Top.Mail.Ru

CoyotОткуда дует ветер. Глава 2

Проза / Рассказы30-12-2009 22:03
Шалаш старика Зогара остался позади. А Фён, он же Звук Флейты, и девочка Зога шли по каменной долине дальше. Ландшафт становился всё удивительней. Справа в небеса вонзались красные скалы, изогнутые, словно луки извечных великанов, стерегущих сам грааль времени. Скалы удивляли тем, что их диаметр представлялся ничтожным по сравнению с высотой. Вершины этих изогнутых трубчатых гигантов таяли в перламутровых тучах так высоко в небесах, что взгляду они казались не толще швейной иголки. Своеобразный каменный лес. Или зубы глубоководной рыбы, выловленной сетью солнц из океана галактик.

А по левую руку не так далеко виднелся ступенчатый спуск к морю. Море искрилось своими водами в зыбких лучах затуманенного светила. Чёрные змеи длинной, наверное, в сотни метров то и дело показывали свои лоснящиеся бока из под воды, перекатываясь из глубины к поверхности и обратно. Над водой кружили стайки птиц, то тающих в воздухе, то появляющихся снова, словно помехи на старом чёрно-белом телевизоре с плохим сигналом антенны. Если приглядеться хорошенько, можно было даже увидеть проектор и плавную руку оператора, меняющего плёнки моря и воздуха, добавляющего туман и свет. И сам оператор был только проекцией другого такого же. И так до бесконечности. А Зога одела себе на шею колье из этого повторяющегося цикла, заключив его в мрамор и лазурит.

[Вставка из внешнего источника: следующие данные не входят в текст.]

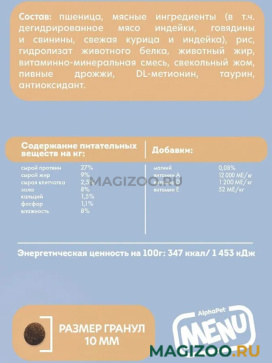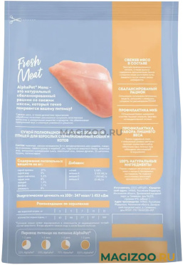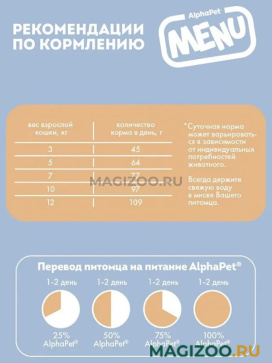 Сухой полнорационный корм AlphaPet Menu для взрослых кастрированных котов и стерилизованных кошек с домашней птицей.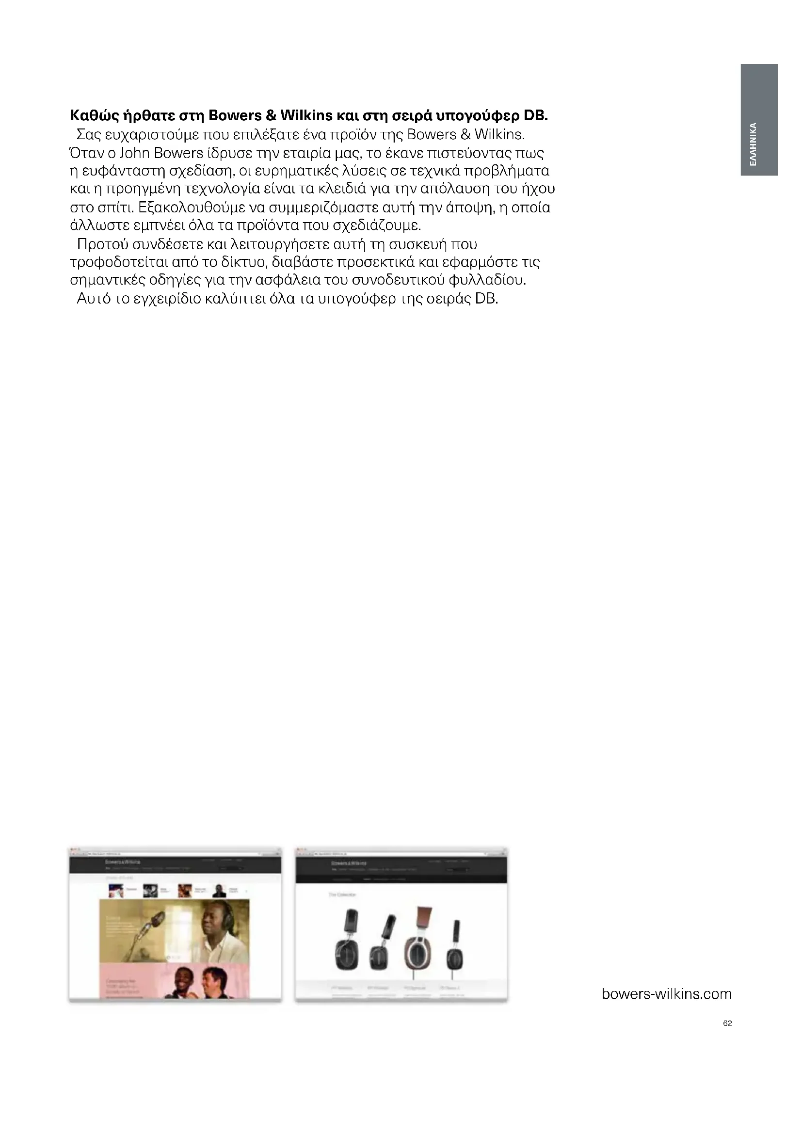 bowers-wilkins.com Καθώς ήρθατε στη Bowers & Wilkins και στη σειρά υπογούφερ DB. Σας ευχαριστούμε που επιλέξατε ένα προϊόν της Bowers & Wilkins. Όταν ο John Bowers ίδρυσε την εταιρία μας, το έκανε πιστεύοντας πως η ευφάνταστη σχεδίαση, οι ευρηματικές λύσεις σε τεχνικά προβλήματα και η προηγμένη τεχνολογία είναι τα κλειδιά για την απόλαυση του ήχου στο σπίτι. Εξακολουθούμε να συμμεριζόμαστε αυτή την άποψη, η οποία άλλωστε εμπνέει όλα τα προϊόντα που σχεδιάζουμε. Προτού συνδέσετε και λειτουργήσετε αυτή τη συσκευή που τροφοδοτείται από το δίκτυο, διαβάστε προσεκτικά και εφαρμόστε τις σημαντικές οδηγίες για την ασφάλεια του συνοδευτικού φυλλαδίου. Αυτό το εγχειρίδιο καλύπτει όλα τα υπογούφερ της σειράς DB.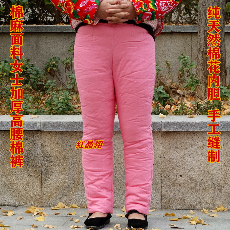 Female-style adult handmade pure cotton liner thickened high waist cotton pants cotton linen winter clothing home warm pants set to do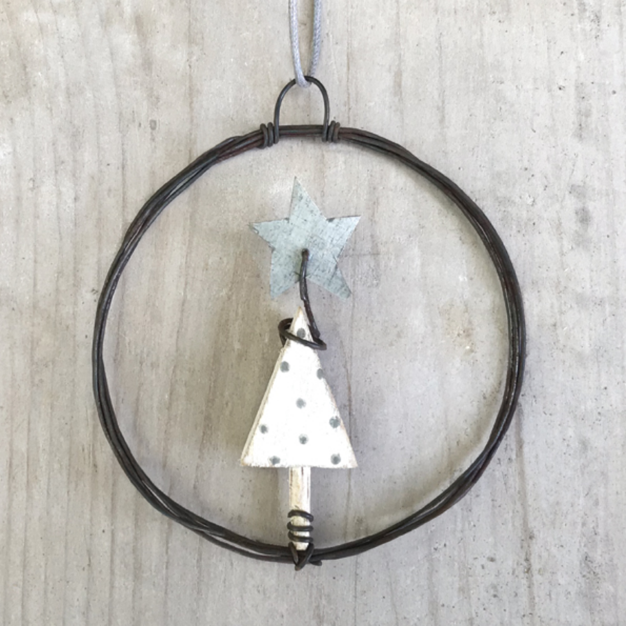 Lítill og minimalískur krans úr endurunnum og ómeðhöndluðum vír, Sómir sér vel einn sér eða í stærri hóp.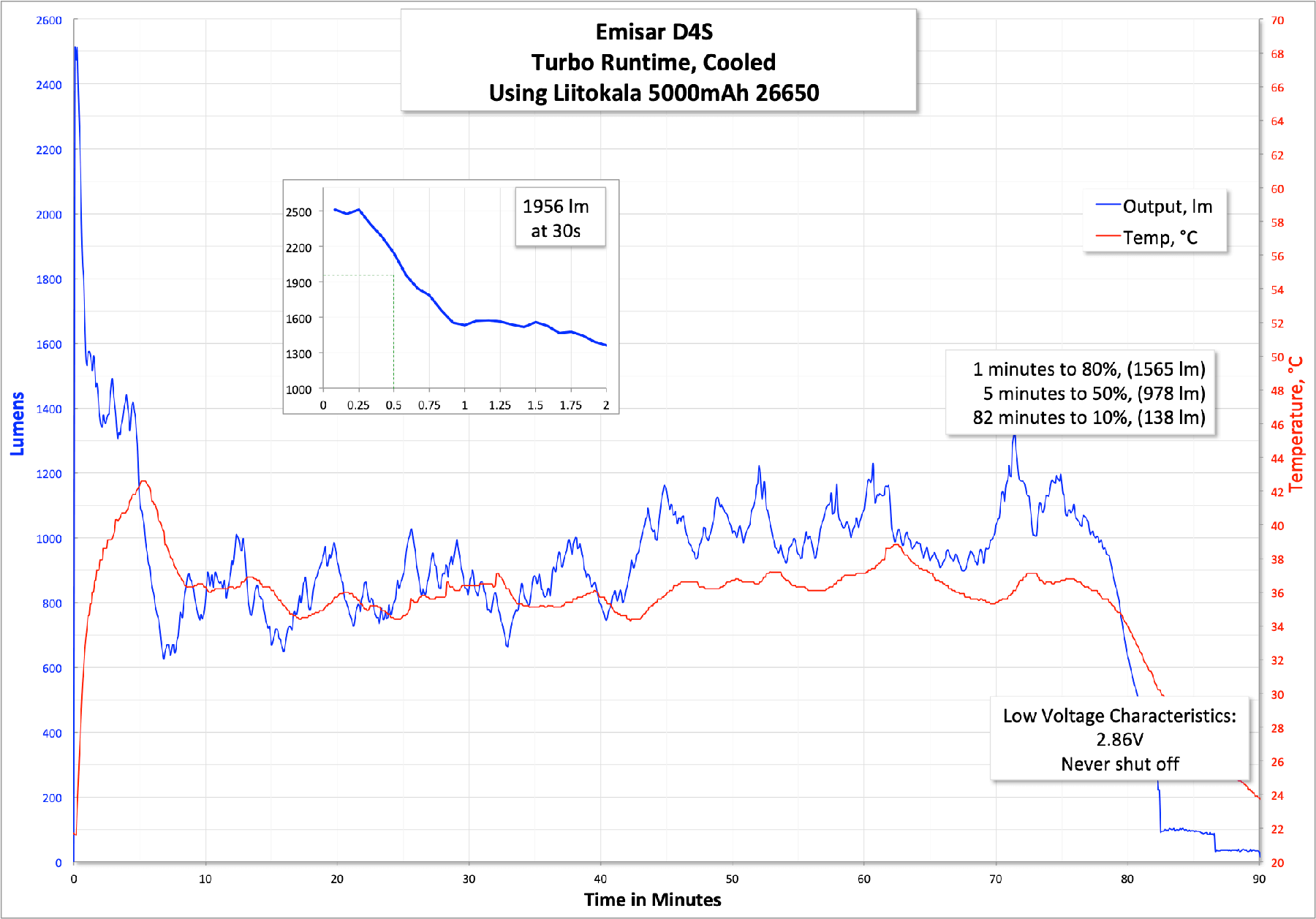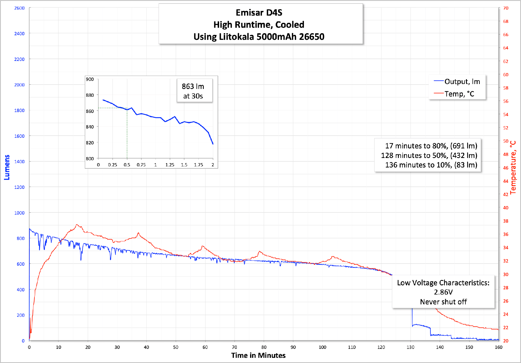 Also noteworthy is that the light tests quite a bit under the claimed output. That’s entirely cell-dependent, and I suppose this Liitokala cell doesn’t provide the current needed for long enough to maintain the initial output (of 2500 lumens), or hit the max claimed output of 3000 lumens. If I were you, I’d probably snag a different 26650 for this light, if your goal is max lumens for the longest time.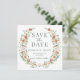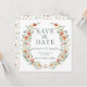 Moda y sofisticada, esta invitación a la foto Save the Date para un boda boho muestra un elegante tema rústico botánico con cálidos flores de naranja y terracota.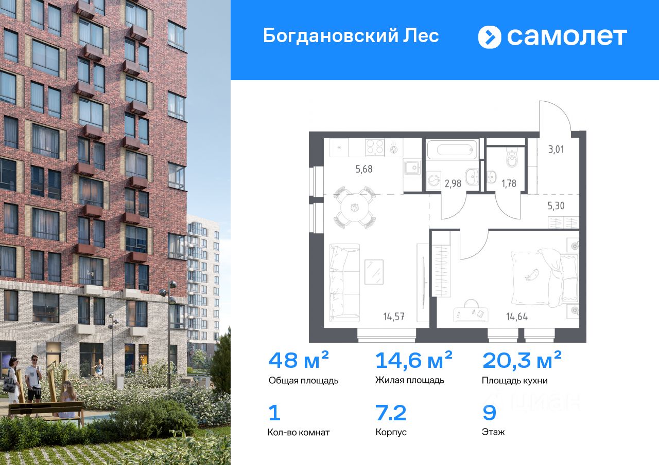Строим кварталы для жизни с заботой о будущем. Предлагается 1-комнатная квартира комфорт-класса 47,96 кв.м в корпусе 7.2 на 9 этаже, в ЖК "Богдановский Лес"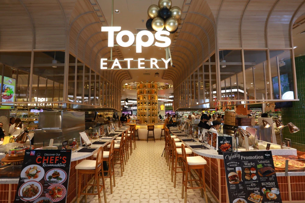 - Dining & Specialty Brands นำเสนอ Dining Lifestyle โฉมใหม่ ผ่านโซน TOPS Eatery ที่รวบรวมร้านอาหารดังของไทยที่ได้รับการการันตีโดยมิชลินไกด์ ได้แก่ ครัวเจ๊ง้อ ข้าวมันไก่บุญตงกี่ ร้านเจ้แดงสามย่าน ถึงเจียงใหม่ คิทเช่น และอีกมากมาย รวมถึงโซน The Baker Boulangerie & Patisserie ที่สร้างสรรค์ผลงานมาสเตอร์พีซของเบเกอรี่อาร์ติซาน พาสตรี กาแฟ และแซนด์วิช ที่ทำสดใหม่จากวัตถุดิบที่ดีที่สุด และอีกหนึ่งไฮไลต์สำคัญคือ Eatery International การนำเสนอรสชาติอาหารสไตล์เมดิเตอร์เรเนียน ที่มาพร้อมกับ Champagne Bar สุดเอ็กซ์คลูซีฟสร้างประสบการณ์การดื่มด่ำครั้งใหม่ด้วยวิถีการรับประทานอาหารที่หรูหรา และเอ็กซ์คลูซีฟ ตลอดจน Fine Food Zone โซนพิเศษที่ยกระดับประสบการณ์ระดับเวิลด์คลาส ด้วยการคัดสรรวัตถุดิบและเมนูเอ็กซ์คลูซีฟที่หาไม่ได้จากที่อื่น ในราคาสุดคุ้มค่า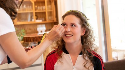 Am Tag der Hochzeit unbedingt professionelles Make-up von der Visagistin/ dem Visagisten Ihres Vertrauens auftragen lassen.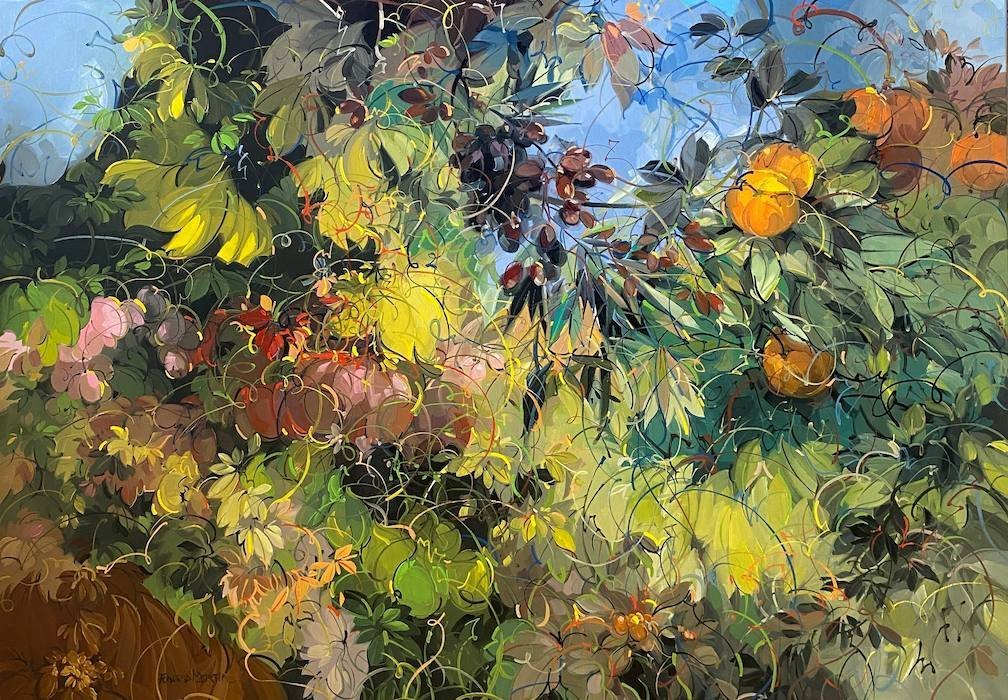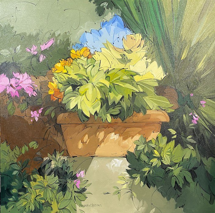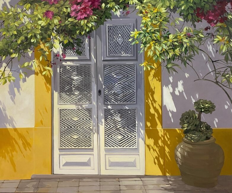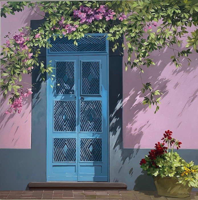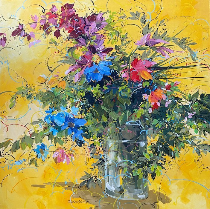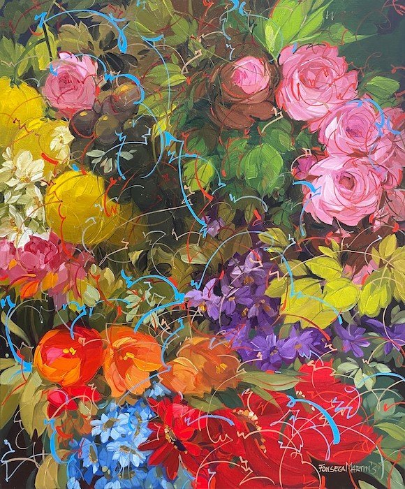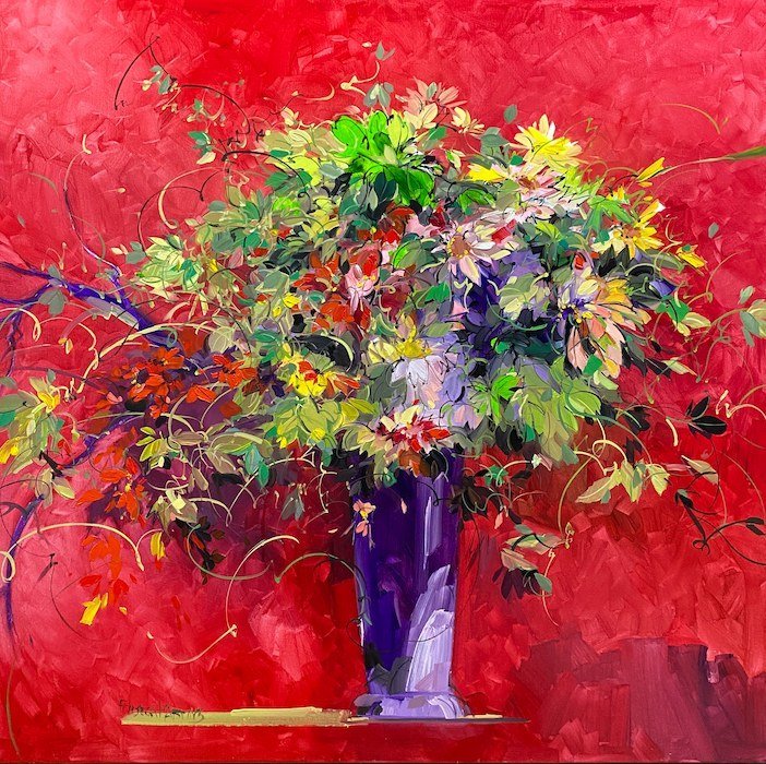 His most recent oil paintings burst with vibrant floral colours and can transform any room into a bright, Mediterranean paradise.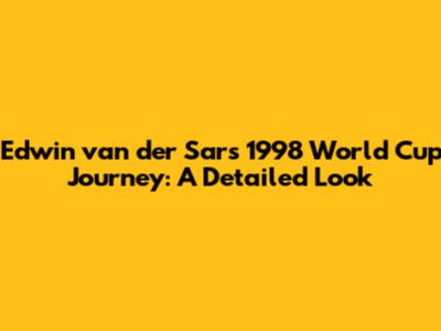 Edwin Van Der Sar's 1998 World Cup Journey: A Detailed Look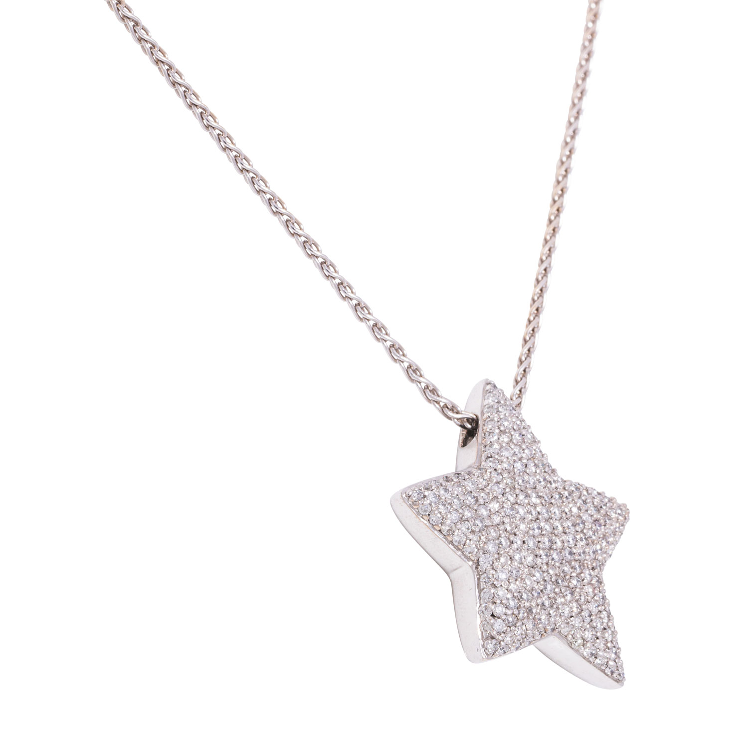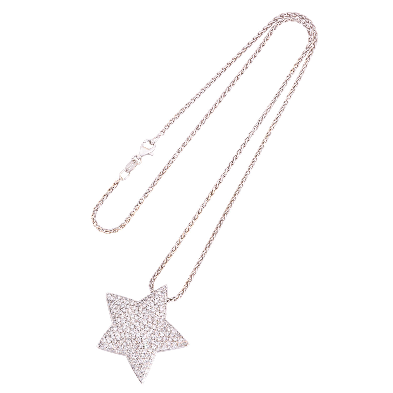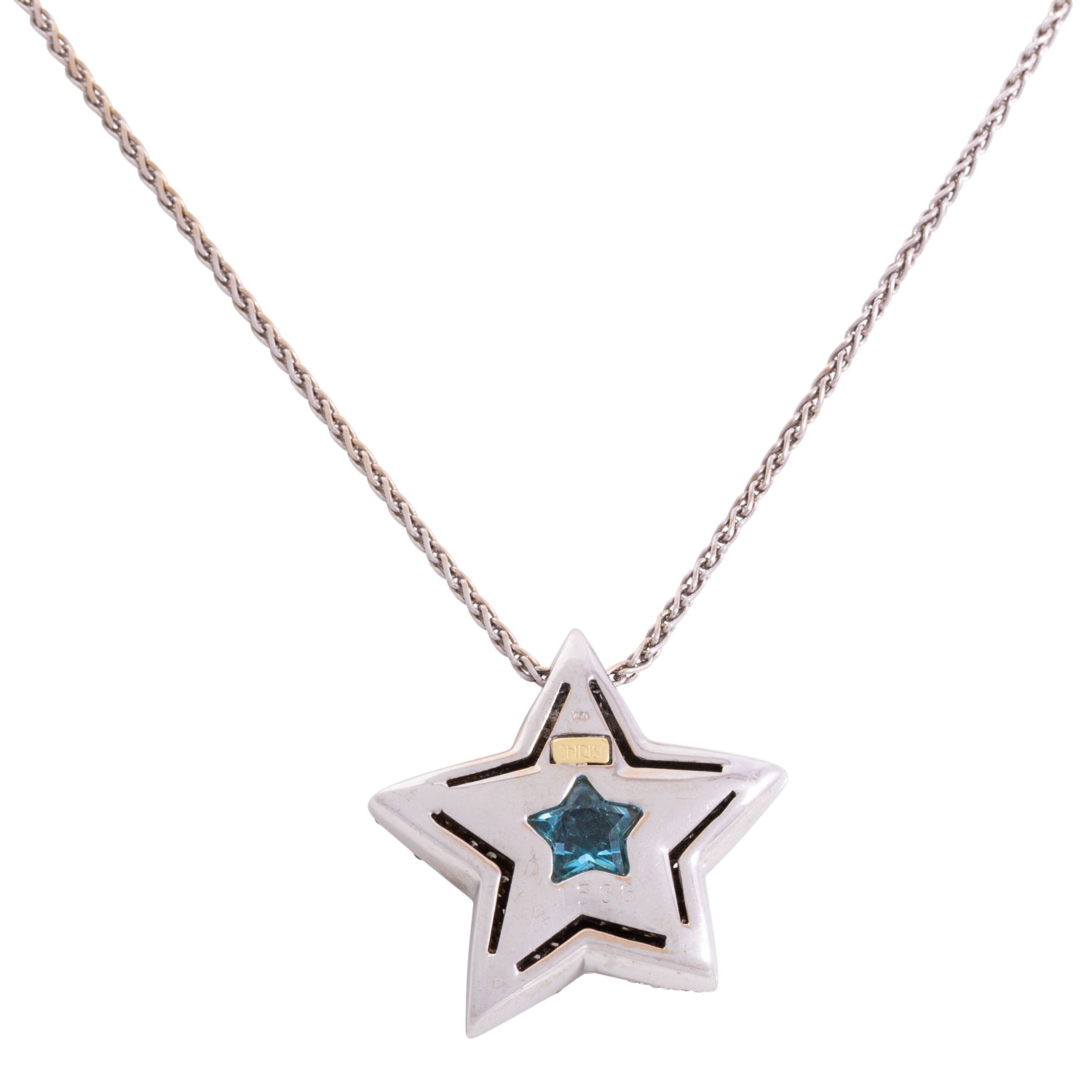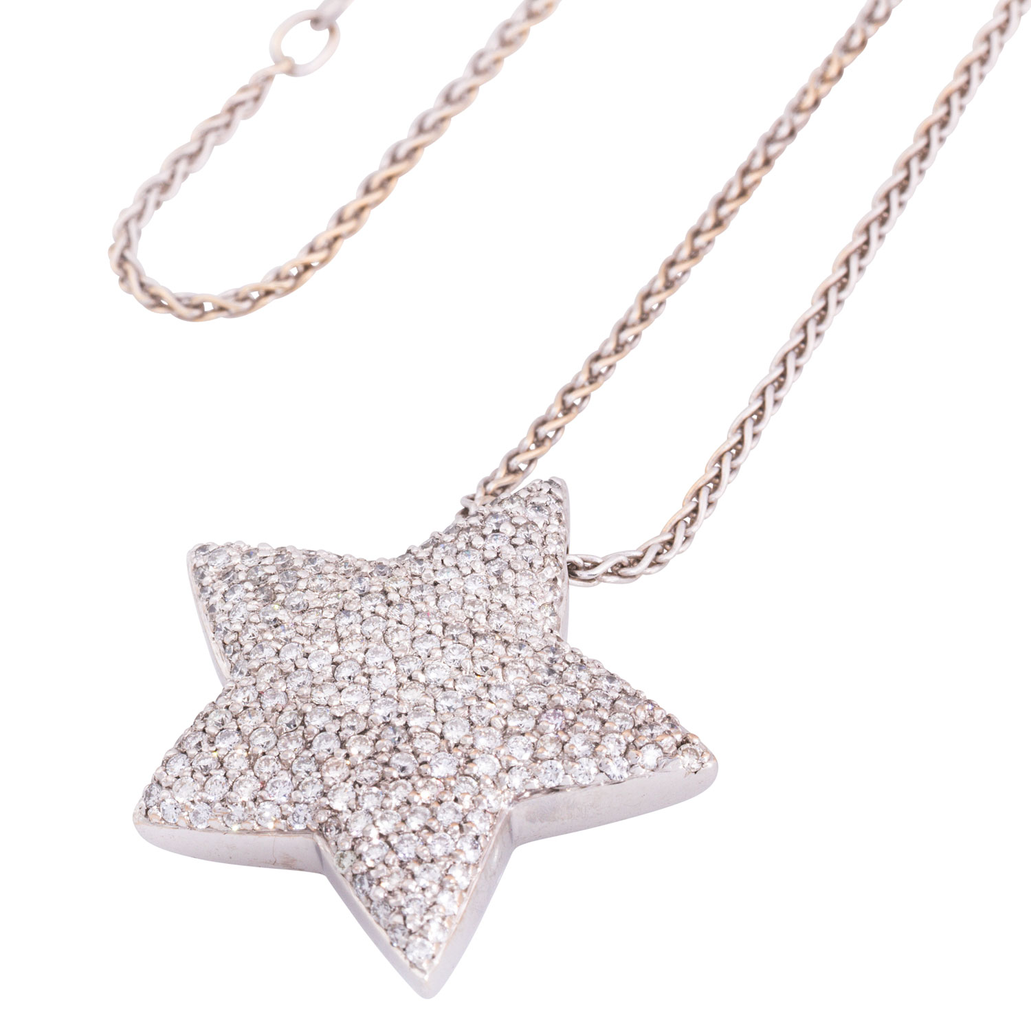 zus. ca. 2 ct, gute Farbe und Reinheit, rückseitig Topas im Sternschliff, mit Collierkette L: 45 cm, WG 18K, 22,4 g, 20./21. Jh., Tragespuren, limitierte Edition Nr. 1536/2000, punziert 'CHRIST 1536', mit Zertifikat.

Фён поглядел на небо. В просвете облаков он, наконец, разглядел таки светило. Это было сиреневое Солнце в виде глаза с лазуритовыми прожилками радужной оболочки и глубокими ультрафиолетовыми мазками век. Вокруг себя это глазоподобное Солнце создавало ореол ярчайшего белого света, от чего Фёну хотелось щуриться, резало глаза. И он был почти уверен, что видел, как светило-глаз перевело свой взгляд на него, сдвинув чудовищного размера зрачок. Ему даже показалось, что оно моргнуло. И эта мысль настолько не укладывалась в голове (ни боком, ни плашмя, ни в скомканном виде), что голова начала кружиться, всё вокруг поплыло, завращалось, и Фён чуть не грохнулся на землю.

Словно из-под воды донеслись крики Зоги. Он даже не сразу понял, что это за звуки. А когда всё же распознал детский взволнованный голос, совершенно не понял, о чём она ему говорит. В сознании пронеслось видение ацтекского вождя, срезающего обсидиановым ножом початок маиса. Наконец, собрав волю в кулак, перестав вертеться волчком, Фён осознал происходящее. Зога кричала о том, что опасно стоять на месте, раззявив рот на небо. Фён увидел позади девочки бесшумно разрастающуюся чёрную дыру в каменистой почве. Неподалёку росла ещё одна. Девочка вскрикнула, выпучила глаза и затыкала пальцем куда то в направлении Ветра. Он обернулся и увидел, что такая же нора образуется прямо за его ногами. С криком отскочив, он чуть не потерял равновесие — всё же умение управлять двумя ногами так же искусно, как это делает человек, ветру даётся не сразу.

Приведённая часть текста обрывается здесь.